By Associated Press, Wire Service Content Jan. 16, 2020, at 5:01 p.m.

By ALEX VEIGA, AP Business Writer

Another rally on Wall Street powered stock indexes to more records Thursday.

The S&P 500, Dow Jones Industrial Average and Nasdaq composite notched all-time highs, extending the market's gains after a strong start to the year.

A batch of solid economic data injected more optimism into markets a day after the signing of an initial trade deal between the U.S. and China.

Consumers have been the backbone of economic growth and the government’s December report on retail sales showed that they continued spending at a healthy pace. Encouraging reports on manufacturing, weekly applications for unemployment aid and homebuilders' confidence also helped lift the market. Investors also weighed a mixed bag of corporate earnings.

The good economic news follows the signing of the “Phase 1” trade deal between the U.S. and China that puts the nations on a clearer path to ending their 18-month long trade war. The pact eases some sanctions on China, which has agreed to step up its purchases of U.S. farm products and other goods.

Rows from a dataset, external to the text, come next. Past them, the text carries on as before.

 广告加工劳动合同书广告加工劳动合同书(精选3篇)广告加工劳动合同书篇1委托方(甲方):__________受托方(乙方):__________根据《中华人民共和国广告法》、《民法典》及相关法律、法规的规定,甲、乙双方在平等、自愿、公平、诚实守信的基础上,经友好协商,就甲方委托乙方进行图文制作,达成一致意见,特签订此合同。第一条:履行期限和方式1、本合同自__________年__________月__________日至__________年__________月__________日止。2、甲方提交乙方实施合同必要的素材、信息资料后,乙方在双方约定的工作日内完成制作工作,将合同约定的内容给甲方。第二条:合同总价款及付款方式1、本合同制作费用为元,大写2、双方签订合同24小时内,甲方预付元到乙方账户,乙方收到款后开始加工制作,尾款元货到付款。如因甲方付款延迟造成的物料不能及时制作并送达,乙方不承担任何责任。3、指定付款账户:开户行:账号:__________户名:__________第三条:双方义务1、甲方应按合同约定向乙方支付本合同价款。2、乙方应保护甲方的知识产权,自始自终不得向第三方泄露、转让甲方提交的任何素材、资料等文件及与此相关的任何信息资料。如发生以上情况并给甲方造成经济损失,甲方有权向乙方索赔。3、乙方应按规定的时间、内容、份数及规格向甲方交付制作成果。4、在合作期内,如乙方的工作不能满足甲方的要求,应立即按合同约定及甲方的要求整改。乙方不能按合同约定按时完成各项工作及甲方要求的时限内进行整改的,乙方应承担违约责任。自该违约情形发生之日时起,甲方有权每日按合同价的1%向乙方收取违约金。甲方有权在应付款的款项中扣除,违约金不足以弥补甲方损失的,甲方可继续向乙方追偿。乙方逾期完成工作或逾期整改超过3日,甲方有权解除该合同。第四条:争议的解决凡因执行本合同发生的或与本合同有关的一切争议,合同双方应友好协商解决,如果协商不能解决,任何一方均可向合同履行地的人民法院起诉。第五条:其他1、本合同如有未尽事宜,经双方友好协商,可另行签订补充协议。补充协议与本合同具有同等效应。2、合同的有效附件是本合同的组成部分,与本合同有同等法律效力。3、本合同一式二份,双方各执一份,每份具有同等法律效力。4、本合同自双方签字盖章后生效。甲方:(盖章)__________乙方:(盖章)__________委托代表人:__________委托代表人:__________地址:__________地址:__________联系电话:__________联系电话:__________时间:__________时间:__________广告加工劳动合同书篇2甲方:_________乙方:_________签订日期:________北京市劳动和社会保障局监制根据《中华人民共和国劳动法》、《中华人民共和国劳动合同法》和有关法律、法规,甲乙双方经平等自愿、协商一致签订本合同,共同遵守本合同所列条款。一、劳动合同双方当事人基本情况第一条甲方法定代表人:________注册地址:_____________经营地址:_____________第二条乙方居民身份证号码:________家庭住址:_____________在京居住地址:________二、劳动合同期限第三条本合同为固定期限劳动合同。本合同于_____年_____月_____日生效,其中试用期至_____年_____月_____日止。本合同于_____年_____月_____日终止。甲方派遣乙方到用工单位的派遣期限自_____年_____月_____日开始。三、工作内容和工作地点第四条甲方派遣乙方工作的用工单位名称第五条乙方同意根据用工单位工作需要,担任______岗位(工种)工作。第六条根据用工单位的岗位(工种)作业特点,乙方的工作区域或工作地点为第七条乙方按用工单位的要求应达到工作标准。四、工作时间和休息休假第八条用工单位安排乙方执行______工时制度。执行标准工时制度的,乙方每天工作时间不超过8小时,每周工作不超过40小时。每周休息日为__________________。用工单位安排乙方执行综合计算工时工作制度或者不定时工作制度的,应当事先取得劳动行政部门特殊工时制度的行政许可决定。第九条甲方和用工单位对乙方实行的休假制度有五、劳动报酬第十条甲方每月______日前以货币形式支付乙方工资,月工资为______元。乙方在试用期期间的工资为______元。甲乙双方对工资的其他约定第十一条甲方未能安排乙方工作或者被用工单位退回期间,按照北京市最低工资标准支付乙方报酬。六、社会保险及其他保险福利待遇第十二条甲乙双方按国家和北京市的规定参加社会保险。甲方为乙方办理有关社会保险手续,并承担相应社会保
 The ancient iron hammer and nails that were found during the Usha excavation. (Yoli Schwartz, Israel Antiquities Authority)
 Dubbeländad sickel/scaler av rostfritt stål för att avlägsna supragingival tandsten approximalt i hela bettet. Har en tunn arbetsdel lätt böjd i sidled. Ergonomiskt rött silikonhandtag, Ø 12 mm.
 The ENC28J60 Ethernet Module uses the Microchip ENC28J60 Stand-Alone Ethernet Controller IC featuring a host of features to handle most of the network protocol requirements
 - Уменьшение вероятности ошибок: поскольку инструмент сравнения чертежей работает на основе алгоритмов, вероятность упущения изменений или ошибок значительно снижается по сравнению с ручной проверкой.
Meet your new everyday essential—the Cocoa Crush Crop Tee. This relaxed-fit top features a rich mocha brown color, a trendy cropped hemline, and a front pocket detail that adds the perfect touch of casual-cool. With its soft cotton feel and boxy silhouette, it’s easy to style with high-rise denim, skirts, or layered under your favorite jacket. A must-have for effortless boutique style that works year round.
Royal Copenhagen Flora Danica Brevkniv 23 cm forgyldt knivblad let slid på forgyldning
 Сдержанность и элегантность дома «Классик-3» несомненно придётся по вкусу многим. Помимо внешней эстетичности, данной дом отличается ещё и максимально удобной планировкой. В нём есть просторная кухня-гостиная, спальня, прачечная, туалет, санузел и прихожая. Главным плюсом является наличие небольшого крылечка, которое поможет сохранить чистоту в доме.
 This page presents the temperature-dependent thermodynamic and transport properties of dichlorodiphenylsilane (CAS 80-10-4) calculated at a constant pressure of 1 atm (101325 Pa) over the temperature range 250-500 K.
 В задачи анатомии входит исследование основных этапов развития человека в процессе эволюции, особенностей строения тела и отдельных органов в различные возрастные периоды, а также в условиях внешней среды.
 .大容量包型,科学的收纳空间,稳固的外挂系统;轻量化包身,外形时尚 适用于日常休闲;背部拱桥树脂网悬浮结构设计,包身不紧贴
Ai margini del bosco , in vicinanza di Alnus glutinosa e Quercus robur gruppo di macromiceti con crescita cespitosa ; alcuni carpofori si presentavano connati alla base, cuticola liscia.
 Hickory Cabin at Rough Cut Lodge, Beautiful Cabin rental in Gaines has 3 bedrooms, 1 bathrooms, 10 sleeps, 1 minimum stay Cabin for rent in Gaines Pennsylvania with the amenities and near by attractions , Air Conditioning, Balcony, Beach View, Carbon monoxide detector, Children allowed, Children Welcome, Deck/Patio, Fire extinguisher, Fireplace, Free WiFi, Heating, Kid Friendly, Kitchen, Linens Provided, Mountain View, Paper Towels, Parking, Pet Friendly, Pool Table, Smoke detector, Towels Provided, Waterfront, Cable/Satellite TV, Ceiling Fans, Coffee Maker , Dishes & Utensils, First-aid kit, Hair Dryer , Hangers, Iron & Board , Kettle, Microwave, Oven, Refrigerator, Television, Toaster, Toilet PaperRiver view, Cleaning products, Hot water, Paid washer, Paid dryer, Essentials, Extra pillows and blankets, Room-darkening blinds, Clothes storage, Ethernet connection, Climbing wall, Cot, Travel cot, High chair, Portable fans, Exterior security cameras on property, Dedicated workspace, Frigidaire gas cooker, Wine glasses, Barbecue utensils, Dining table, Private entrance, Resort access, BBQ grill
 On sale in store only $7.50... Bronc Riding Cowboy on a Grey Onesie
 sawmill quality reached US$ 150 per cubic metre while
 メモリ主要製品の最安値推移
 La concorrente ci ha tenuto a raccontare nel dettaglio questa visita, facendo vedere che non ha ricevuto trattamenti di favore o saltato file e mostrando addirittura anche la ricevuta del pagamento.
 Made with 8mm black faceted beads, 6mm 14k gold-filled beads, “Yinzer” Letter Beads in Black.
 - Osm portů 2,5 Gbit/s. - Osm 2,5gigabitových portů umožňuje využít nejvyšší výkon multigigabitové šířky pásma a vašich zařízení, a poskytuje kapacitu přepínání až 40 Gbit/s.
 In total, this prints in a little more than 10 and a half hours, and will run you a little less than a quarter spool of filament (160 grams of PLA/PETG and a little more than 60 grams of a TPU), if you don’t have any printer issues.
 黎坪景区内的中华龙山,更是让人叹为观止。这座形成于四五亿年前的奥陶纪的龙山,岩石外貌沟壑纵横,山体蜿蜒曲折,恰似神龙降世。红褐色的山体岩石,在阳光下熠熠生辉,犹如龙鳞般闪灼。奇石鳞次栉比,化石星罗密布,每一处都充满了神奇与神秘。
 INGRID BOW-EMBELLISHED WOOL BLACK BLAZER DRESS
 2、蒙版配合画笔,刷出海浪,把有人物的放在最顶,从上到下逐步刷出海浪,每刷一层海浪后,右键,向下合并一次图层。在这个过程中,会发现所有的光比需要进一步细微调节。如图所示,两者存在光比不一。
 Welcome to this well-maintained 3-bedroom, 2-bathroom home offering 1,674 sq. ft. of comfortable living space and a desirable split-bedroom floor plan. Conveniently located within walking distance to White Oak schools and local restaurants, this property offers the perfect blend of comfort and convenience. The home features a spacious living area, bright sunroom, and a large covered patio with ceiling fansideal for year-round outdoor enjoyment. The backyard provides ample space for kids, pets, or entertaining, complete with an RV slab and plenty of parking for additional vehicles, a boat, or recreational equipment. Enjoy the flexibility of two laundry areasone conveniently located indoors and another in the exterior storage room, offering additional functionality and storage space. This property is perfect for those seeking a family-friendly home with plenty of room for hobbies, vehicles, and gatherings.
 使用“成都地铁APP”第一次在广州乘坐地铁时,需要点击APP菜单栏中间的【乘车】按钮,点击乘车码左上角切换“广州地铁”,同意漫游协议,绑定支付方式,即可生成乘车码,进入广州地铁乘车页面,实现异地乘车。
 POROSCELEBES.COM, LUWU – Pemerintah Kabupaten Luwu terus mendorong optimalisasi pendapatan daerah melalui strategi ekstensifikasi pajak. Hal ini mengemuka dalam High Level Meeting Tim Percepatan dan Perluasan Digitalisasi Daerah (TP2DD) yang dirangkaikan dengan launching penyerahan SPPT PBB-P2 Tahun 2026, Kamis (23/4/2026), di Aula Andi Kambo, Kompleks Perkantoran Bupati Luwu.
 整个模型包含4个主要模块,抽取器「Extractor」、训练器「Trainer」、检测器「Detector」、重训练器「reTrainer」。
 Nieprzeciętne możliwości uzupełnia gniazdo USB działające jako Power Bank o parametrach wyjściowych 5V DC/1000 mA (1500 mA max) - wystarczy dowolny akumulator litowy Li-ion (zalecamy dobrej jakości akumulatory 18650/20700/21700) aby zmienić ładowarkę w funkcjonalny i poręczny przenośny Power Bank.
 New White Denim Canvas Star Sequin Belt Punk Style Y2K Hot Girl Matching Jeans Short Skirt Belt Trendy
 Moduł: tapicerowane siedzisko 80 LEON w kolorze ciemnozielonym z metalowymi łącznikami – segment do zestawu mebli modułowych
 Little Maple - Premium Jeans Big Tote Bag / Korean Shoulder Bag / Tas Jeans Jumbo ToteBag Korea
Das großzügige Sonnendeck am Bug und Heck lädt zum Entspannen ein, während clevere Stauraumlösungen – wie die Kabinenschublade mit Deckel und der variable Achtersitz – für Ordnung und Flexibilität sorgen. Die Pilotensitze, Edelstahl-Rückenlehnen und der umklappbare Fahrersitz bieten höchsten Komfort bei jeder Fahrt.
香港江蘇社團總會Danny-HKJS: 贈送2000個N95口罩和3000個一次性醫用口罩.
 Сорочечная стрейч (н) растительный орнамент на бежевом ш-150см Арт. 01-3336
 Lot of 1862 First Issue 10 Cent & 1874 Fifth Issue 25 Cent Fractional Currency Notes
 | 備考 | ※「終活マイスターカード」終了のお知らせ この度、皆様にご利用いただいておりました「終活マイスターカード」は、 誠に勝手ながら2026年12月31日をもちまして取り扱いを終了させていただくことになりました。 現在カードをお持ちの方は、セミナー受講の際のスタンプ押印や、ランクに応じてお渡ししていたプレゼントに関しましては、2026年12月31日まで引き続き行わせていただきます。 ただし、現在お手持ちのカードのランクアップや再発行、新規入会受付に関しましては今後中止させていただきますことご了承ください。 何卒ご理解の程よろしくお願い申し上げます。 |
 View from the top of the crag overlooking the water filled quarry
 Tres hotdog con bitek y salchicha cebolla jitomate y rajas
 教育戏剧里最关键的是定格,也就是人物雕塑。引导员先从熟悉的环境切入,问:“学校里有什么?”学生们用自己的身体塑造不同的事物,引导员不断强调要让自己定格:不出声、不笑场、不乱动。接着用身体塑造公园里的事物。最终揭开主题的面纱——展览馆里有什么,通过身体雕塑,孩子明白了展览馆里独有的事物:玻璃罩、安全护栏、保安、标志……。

Meanwhile, the Senate approved a new North American trade agreement Thursday that rewrites the rules of commerce with Canada and Mexico.

The trade deals and positive economic data have helped fuel optimism that corporate profits will be strong this year after coming in flat to down for most of 2019, and that's keeping investors in a buying mood.

“Because we are continuing to see 2-2.5% GDP growth in the U.S., because both economic growth and earnings are expected to show gains in both the developed and emerging markets, that will likely lead to better earnings here in the U.S.,” said Sam Stovall, chief investment strategist at CFRA.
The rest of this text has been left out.